§ **RECORDED INFORMATION**
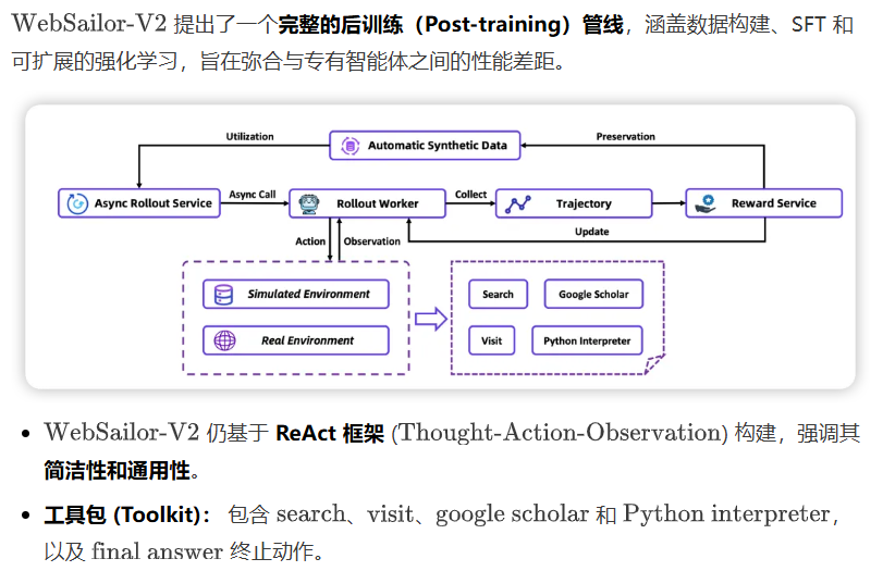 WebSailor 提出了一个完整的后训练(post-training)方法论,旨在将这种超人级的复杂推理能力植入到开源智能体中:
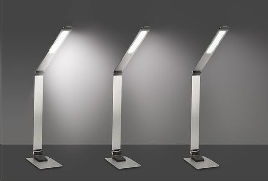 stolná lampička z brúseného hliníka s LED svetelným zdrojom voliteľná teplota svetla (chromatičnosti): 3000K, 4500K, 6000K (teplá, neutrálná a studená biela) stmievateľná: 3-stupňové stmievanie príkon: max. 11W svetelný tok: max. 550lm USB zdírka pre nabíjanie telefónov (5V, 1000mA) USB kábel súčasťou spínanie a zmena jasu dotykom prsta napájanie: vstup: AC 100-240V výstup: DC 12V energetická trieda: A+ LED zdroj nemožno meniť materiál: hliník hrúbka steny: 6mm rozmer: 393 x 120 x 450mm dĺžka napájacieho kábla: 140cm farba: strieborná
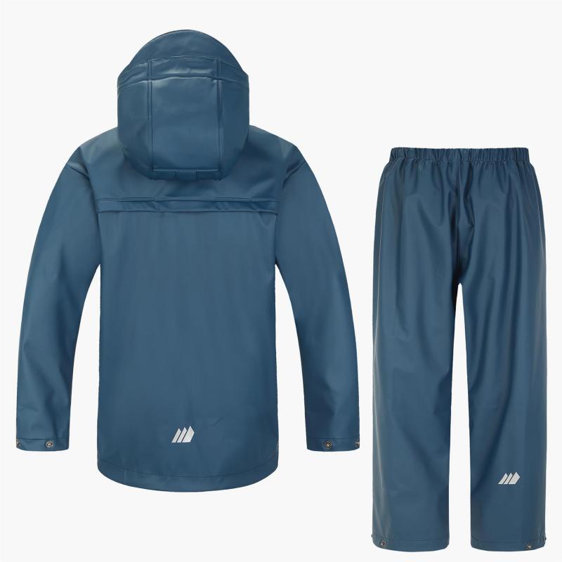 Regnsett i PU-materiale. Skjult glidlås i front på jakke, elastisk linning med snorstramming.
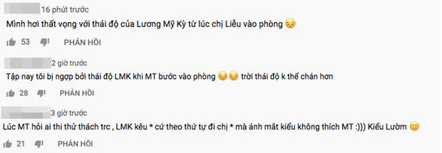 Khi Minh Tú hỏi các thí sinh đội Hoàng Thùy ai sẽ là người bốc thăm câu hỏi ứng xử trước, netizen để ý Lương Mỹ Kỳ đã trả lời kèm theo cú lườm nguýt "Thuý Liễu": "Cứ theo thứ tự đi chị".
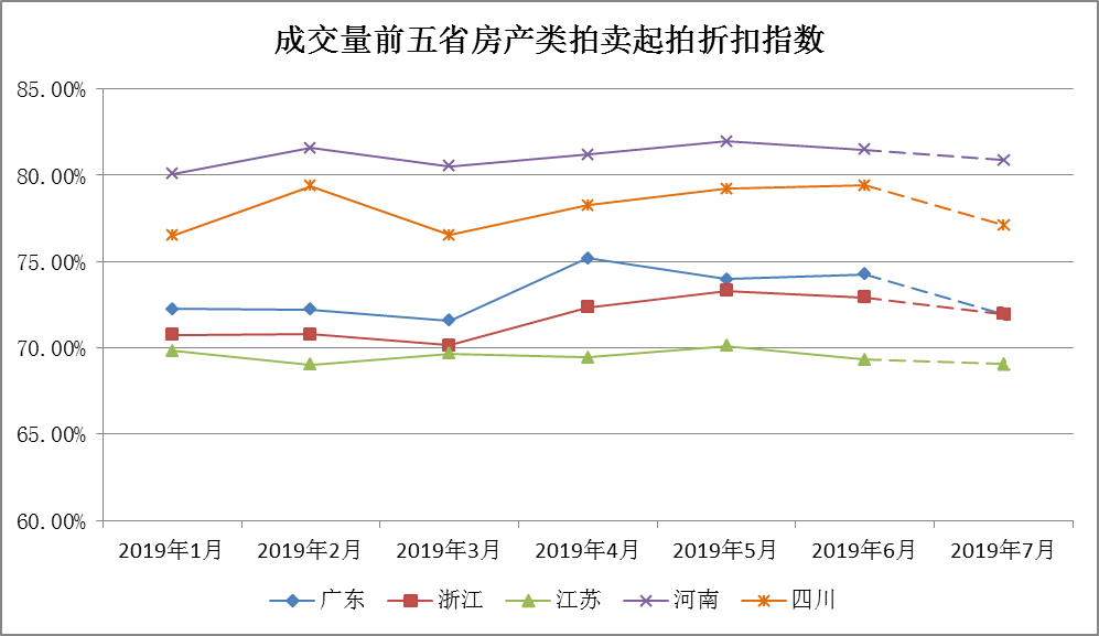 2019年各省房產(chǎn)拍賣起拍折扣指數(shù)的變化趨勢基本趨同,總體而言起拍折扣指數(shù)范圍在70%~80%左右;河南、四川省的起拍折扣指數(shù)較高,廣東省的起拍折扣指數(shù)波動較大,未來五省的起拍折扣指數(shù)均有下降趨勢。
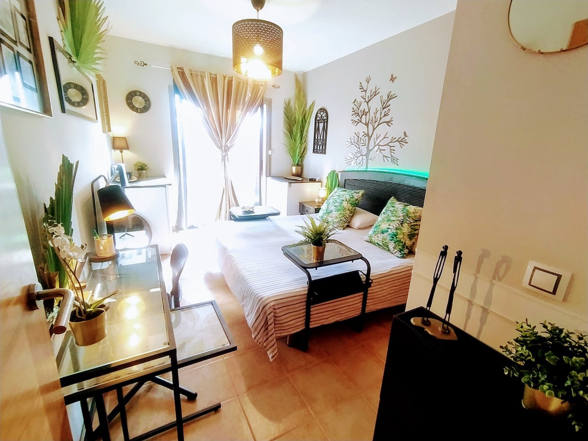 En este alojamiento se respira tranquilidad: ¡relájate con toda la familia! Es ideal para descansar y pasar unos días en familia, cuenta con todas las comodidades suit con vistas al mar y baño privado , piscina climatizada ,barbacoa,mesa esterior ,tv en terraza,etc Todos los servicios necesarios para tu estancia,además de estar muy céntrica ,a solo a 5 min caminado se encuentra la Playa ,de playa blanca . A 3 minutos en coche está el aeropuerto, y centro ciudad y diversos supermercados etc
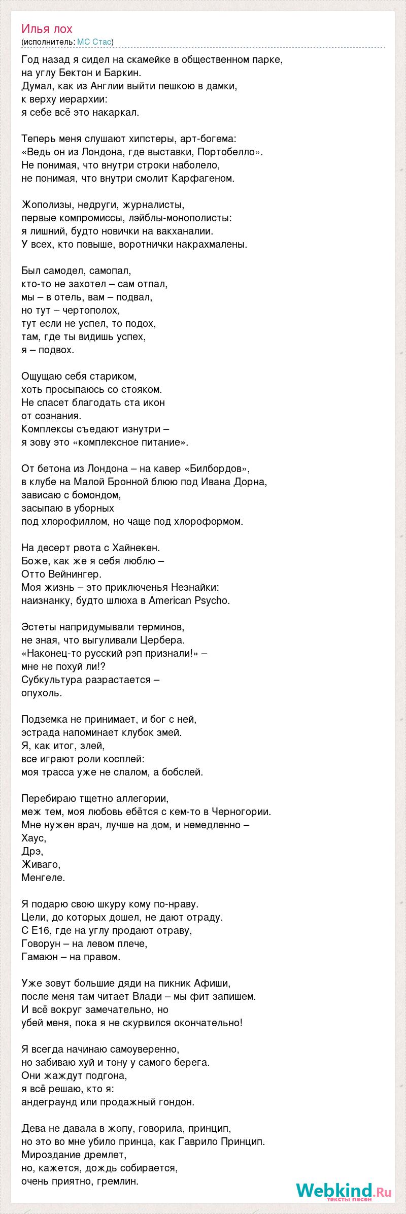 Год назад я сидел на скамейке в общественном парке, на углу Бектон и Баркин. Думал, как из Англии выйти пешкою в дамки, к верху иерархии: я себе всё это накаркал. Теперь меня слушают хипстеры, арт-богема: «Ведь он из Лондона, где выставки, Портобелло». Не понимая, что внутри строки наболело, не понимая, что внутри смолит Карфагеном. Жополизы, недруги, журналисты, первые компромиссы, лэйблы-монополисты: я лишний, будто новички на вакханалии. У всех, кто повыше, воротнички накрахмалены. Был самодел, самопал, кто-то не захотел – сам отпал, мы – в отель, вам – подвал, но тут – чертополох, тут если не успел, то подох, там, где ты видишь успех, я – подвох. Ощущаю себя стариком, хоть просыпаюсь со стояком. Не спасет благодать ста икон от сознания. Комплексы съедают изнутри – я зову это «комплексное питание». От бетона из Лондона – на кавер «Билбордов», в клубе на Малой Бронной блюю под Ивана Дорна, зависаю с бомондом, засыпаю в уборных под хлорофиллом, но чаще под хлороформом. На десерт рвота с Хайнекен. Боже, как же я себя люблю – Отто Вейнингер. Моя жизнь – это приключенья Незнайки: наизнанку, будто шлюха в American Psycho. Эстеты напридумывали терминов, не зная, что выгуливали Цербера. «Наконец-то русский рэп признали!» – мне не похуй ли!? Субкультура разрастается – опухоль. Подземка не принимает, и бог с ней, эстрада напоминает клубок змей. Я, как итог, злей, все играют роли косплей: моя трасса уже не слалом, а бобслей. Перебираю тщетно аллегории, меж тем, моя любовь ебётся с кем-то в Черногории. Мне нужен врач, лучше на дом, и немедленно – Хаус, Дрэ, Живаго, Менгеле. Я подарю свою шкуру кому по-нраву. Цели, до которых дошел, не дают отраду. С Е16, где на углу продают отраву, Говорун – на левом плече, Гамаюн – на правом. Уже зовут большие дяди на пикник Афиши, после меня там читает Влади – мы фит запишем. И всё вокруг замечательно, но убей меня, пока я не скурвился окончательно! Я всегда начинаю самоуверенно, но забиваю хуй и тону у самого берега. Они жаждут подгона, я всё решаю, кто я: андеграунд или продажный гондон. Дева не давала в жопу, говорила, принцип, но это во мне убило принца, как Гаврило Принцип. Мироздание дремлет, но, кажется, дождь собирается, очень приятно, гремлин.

---

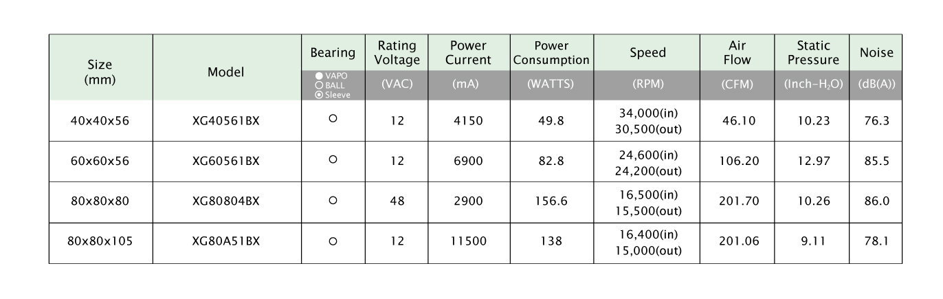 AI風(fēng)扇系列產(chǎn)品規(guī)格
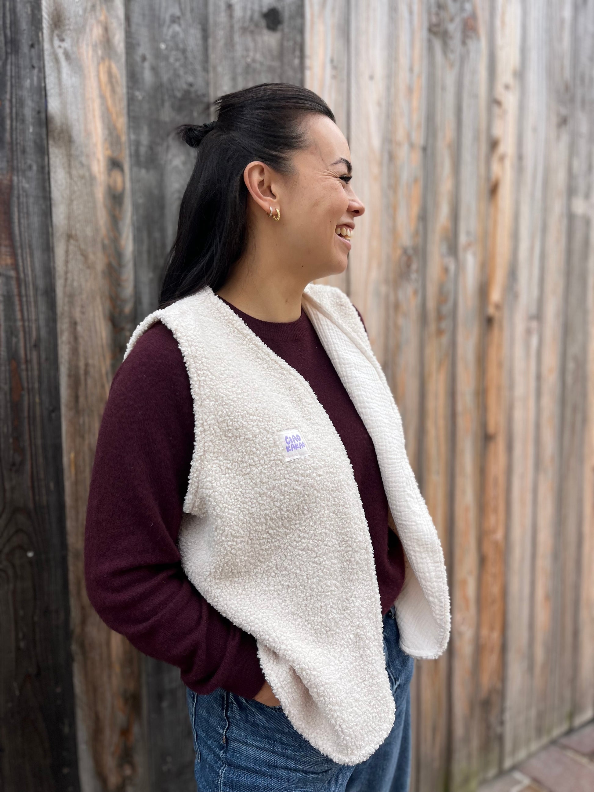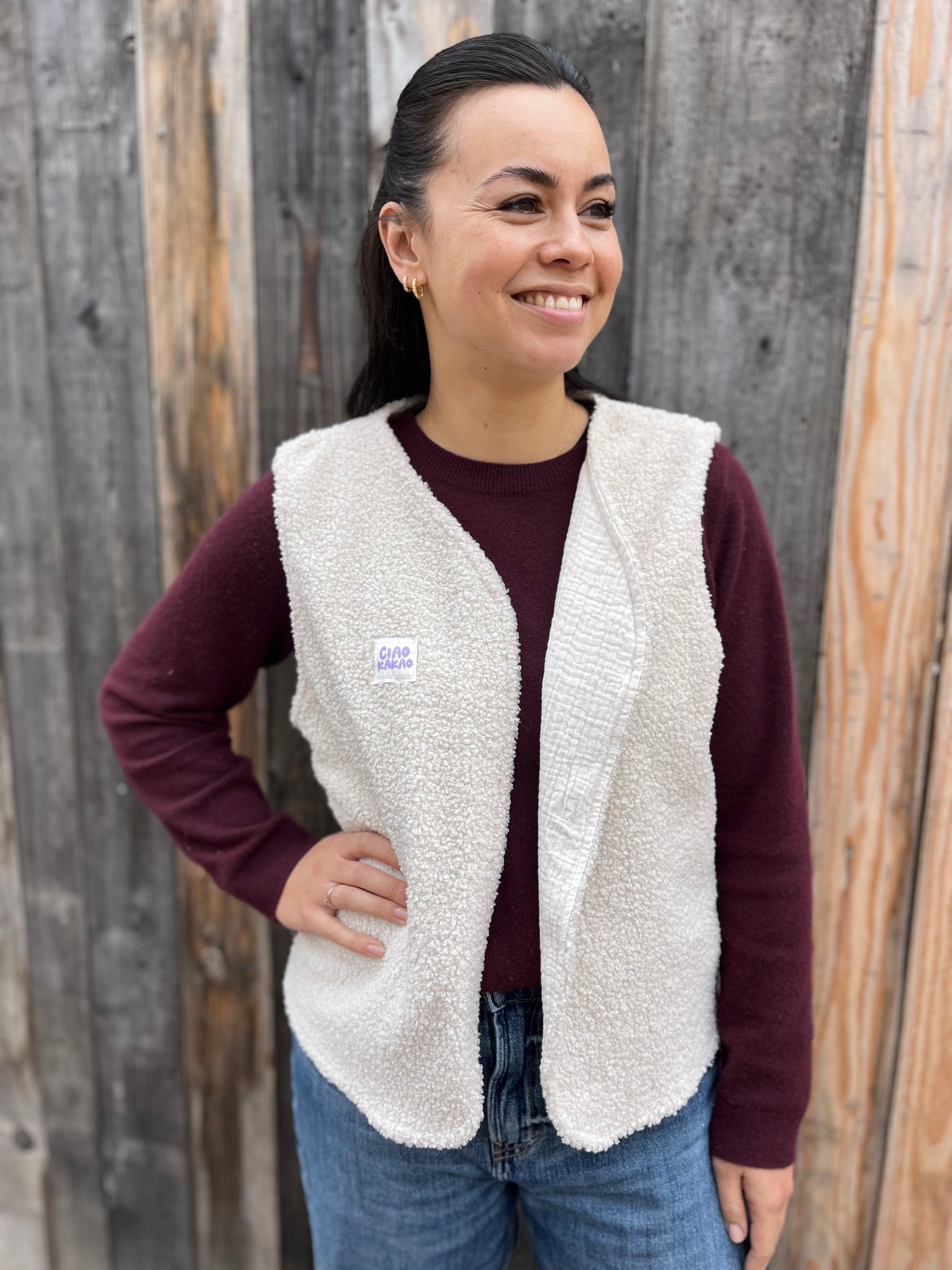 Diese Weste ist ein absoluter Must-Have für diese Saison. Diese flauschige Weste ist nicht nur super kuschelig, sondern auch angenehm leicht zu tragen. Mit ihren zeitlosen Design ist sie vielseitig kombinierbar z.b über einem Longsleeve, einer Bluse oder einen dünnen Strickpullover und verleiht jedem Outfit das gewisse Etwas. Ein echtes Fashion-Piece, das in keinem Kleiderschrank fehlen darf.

...

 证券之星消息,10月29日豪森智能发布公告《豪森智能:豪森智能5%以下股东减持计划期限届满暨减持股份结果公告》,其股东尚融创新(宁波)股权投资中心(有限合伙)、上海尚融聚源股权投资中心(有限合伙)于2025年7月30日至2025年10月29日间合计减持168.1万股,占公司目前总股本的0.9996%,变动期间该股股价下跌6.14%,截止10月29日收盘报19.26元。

§ **REQUIRED WORK**
For this exercise, transcribe exactly the part of the records above that opens with the line containing "stolná lampička z" and closes with the one containing "Khi Minh Tú". Pictures are not part of the copy.

§ **REPLY**
 stolná lampička z brúseného hliníka s LED svetelným zdrojom voliteľná teplota svetla (chromatičnosti): 3000K, 4500K, 6000K (teplá, neutrálná a studená biela) stmievateľná: 3-stupňové stmievanie príkon: max. 11W svetelný tok: max. 550lm USB zdírka pre nabíjanie telefónov (5V, 1000mA) USB kábel súčasťou spínanie a zmena jasu dotykom prsta napájanie: vstup: AC 100-240V výstup: DC 12V energetická trieda: A+ LED zdroj nemožno meniť materiál: hliník hrúbka steny: 6mm rozmer: 393 x 120 x 450mm dĺžka napájacieho kábla: 140cm farba: strieborná
 Regnsett i PU-materiale. Skjult glidlås i front på jakke, elastisk linning med snorstramming.
 Khi Minh Tú hỏi các thí sinh đội Hoàng Thùy ai sẽ là người bốc thăm câu hỏi ứng xử trước, netizen để ý Lương Mỹ Kỳ đã trả lời kèm theo cú lườm nguýt "Thuý Liễu": "Cứ theo thứ tự đi chị".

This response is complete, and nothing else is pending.